(Stored records)
# # # # # # #

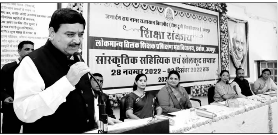
उदयपुर में लोकमान्य तिलक शिक्षक प्रशिक्षण महाविद्यालय का शुभारंभ हुआ।
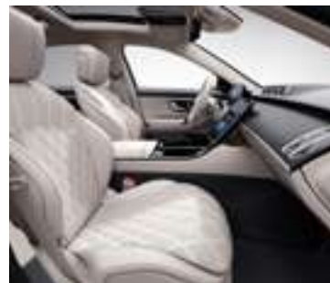
805A - Beige Macchiato/ gris Magma Option
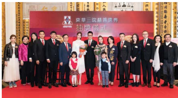
董事局成員與2018年度香港小姐合照 Group photo of Board Members with winners of Miss Hong Kong Pageant 2018
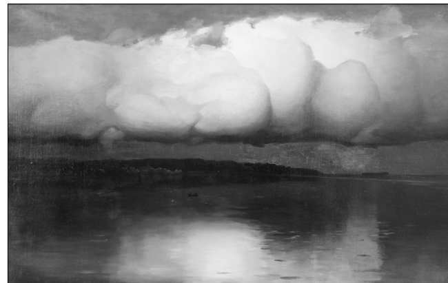
«Притихло. Надвигается туча».

На выставке представлены три петербургских пейзажа Николая Дубовского, картина «Первый снег» из собрания Угличского музея-заповедника. Другая грань творчества живописца — морской пейзаж. Его по праву можно назвать последним русским маринистом. Центральное место в экс-
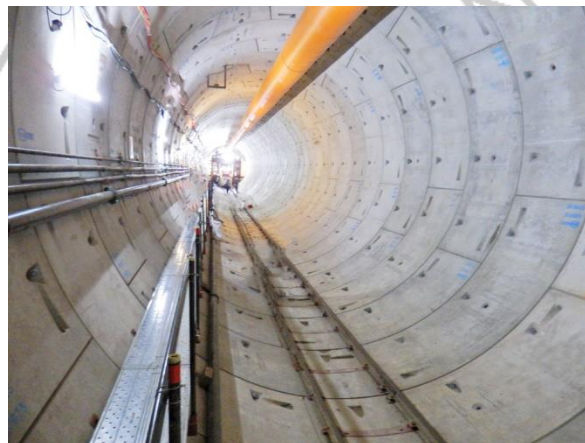
Gambar 2. 8 Proyek Terowongan Mass Rapit Transit (MRT) di Jalan Jenderal Sudirman

Mass Rapit Transit (MRT) merupakan proyek konstruksi yang mulai dilaksanakan pada tahun 2013 dan rampung pada tahun 2018. Pekerjaan konstruksi yang dikerjakan pada proyek ini yaitu dengan membuat terowongan sepanjang 8 meter di bawah tanah yang berada di Jalan Jenderal Sudirman. Peralatan mesin yang digunakan untuk membuat terowongan yaitu Mesin TBM ( Tunnel Boring Machine ) yang dikerjakan oleh kontraktor asal Jepang dan Indonesia, yaitu Jaya Konstruksi, Shimizu, Wijaya Karya, dan Obayashi (Jaya Konstruksi, 2017).
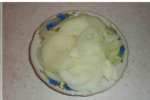
18. Режем лук мелкими полукольцами
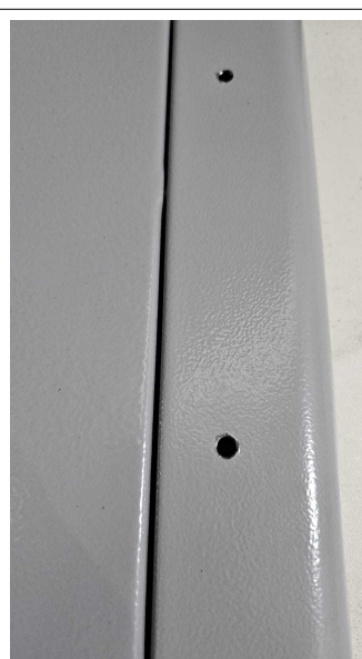
Fig. 12: Mesa Formato L 140cm - Amostra fornecida
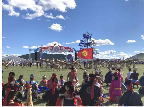
유목민 세계 문화 축제
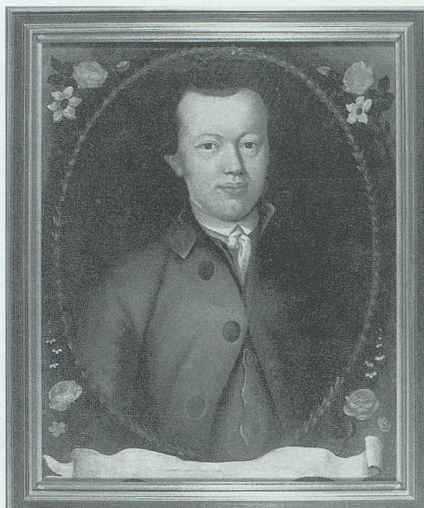
Marx Vetsch (1759–1813). Ölgemälde, in Privatbesitz.

Bereits 1792 hatte Marx Vetsch im Rahmen der Gründung einer Büchergesellschaft eine Neujahrsansprache verfasst und sogar drucken lassen. 1 Darin singt er das Lied der Aufklärung und preist die Pressefreiheit unter Kaiser Joseph II. und das dadurch möglich gewordene Schrifttum, um sich dann dem kleinen Ländchen Werdenberg zuzuwenden, dessen Armut er als selbstverschuldetes Elend brandmarkt. Es folgt eine bisige, ja satirische Kritik an den Zeitgenossen – davon nimmt er nur die «edlere Klasse der Menschen, die Stillen, die Rechtschaffenen, die Wissbegierigen, die Patrioten, die Volksfreunde» aus – und entlarvt vor allem die Unwissenheit, besonders den Mangel an wirtschaftlichen und politischen Kenntnissen. Schliesslich findet er den Grund für die innere Mutlosigkeit und äussere Kraftlosigkeit im Fehlen von Schulen, «die über den todten Buchstaben hinaus sind, geschweige denn solche, worin der anwachsenden Jugend durch Vorlesungen über Naturlehre, Geographie, Geometrie, Historie und Spra-
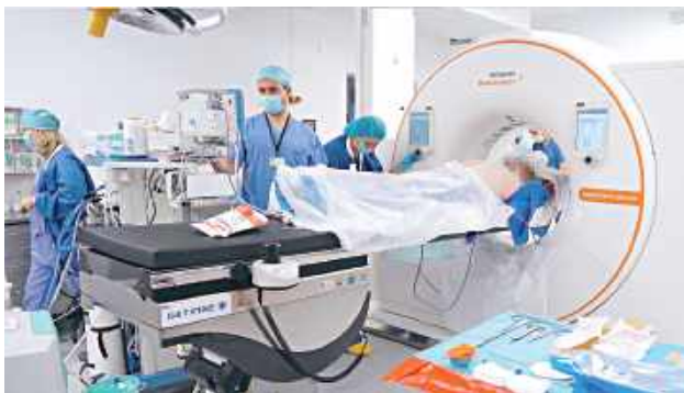
Modernizacja pracowni poprawiła nie tylko możliwości terapeutyczne, ale także ergonomię pracy zespołu medycznego i komfort pacjentów

LUBLIN: Nowoczesna, precyzyjna i bezpieczniejsza terapia nowotworów to efekt doposażenia Pracowni Brachyterapii w Centrum Onkologii Ziemi Lubelskiej.
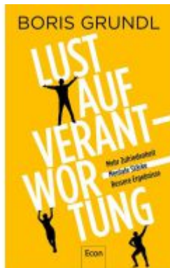
Lust auf Verantwortung Ladenpreis: 22,70EUR

Wir haben andere Produkte gefunden, die Ihnen gefallen könnten!
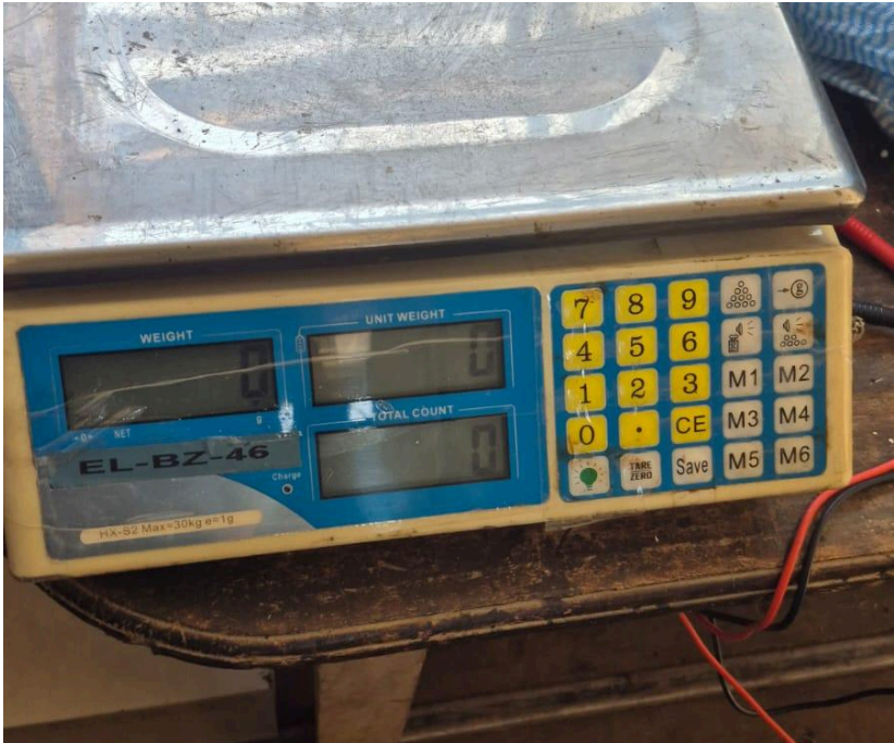
Figura 1. Equipo encendido.
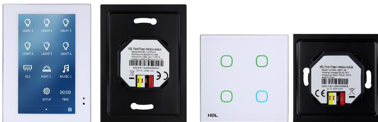
Ovládací panel Enviro a sběrniceová spojka

(Pozn. Výhodou uvedených ovládacích panelů je integrované měření teploty v místnosti ve výšce 1,2 m.)
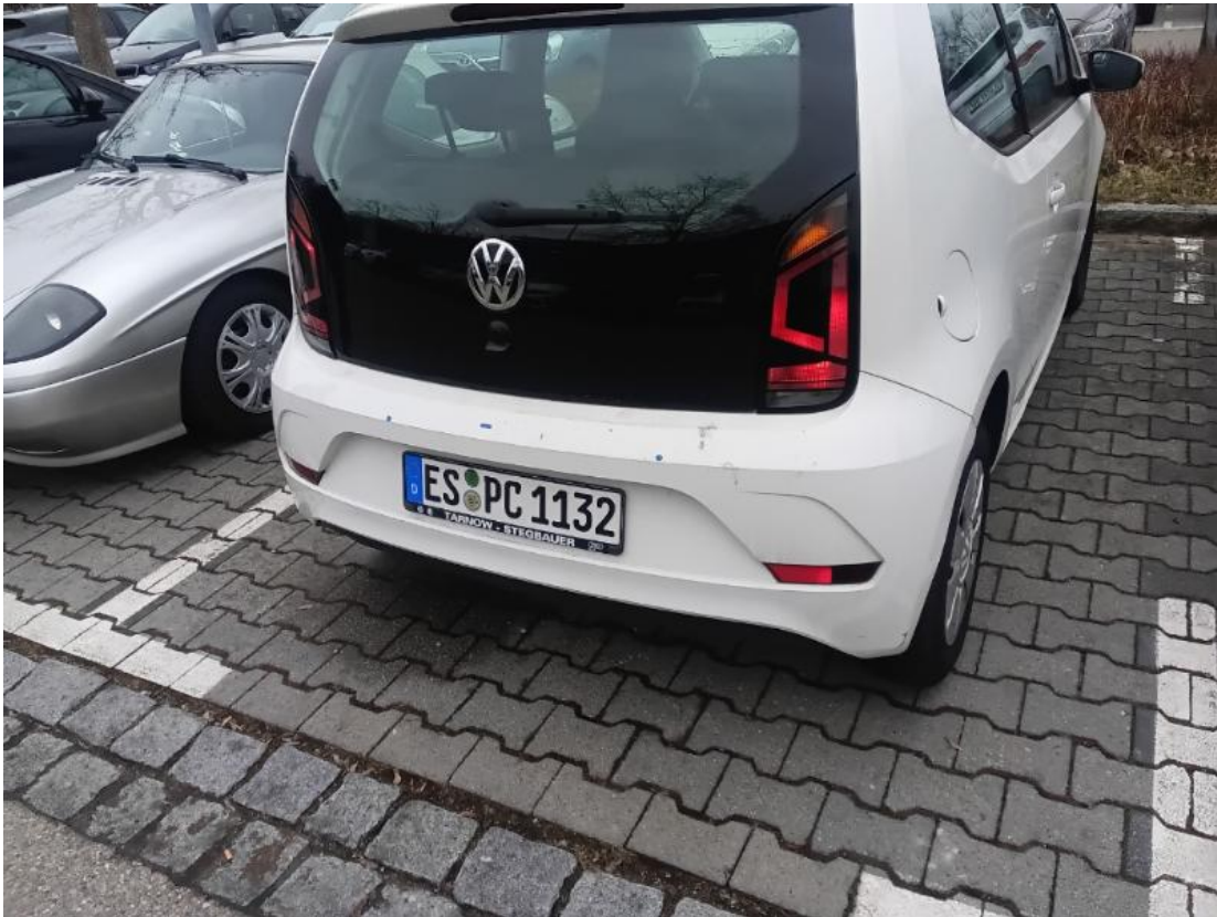
2. Heckblende - Klebereste
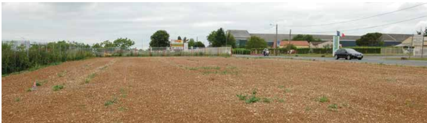
Espace en cours d'aménagement à l'entrée de Sauzé-V dans la Zone d'activités

Un projet de plus grande envergure est actuellement en cours de réalisation sur un terrain propriété de M. Christophe Terrassier et mis gratuitement à la disposition de la Commune. Ce terrain se situe à l'entrée de la zone d'activités et les résultats seront visibles dans quelques semaines.
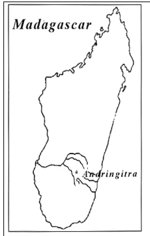
Fig. 1. Mapa mostrando la localización del área de trabajo.

El uso de los isótopos estables de elementos biológicamente importantes,

# # # # # # #

PROBLEM STATEMENT:
Only the lines from the one holding "(Pozn. Výhodou uvedených" to the last line of the entries above should be printed, exactly as they appear and with no pictures.

SOLUTION FOR THIS PROBLEM:
(Pozn. Výhodou uvedených ovládacích panelů je integrované měření teploty v místnosti ve výšce 1,2 m.)
2. Heckblende - Klebereste
Espace en cours d'aménagement à l'entrée de Sauzé-V dans la Zone d'activités

Un projet de plus grande envergure est actuellement en cours de réalisation sur un terrain propriété de M. Christophe Terrassier et mis gratuitement à la disposition de la Commune. Ce terrain se situe à l'entrée de la zone d'activités et les résultats seront visibles dans quelques semaines.
Fig. 1. Mapa mostrando la localización del área de trabajo.

El uso de los isótopos estables de elementos biológicamente importantes,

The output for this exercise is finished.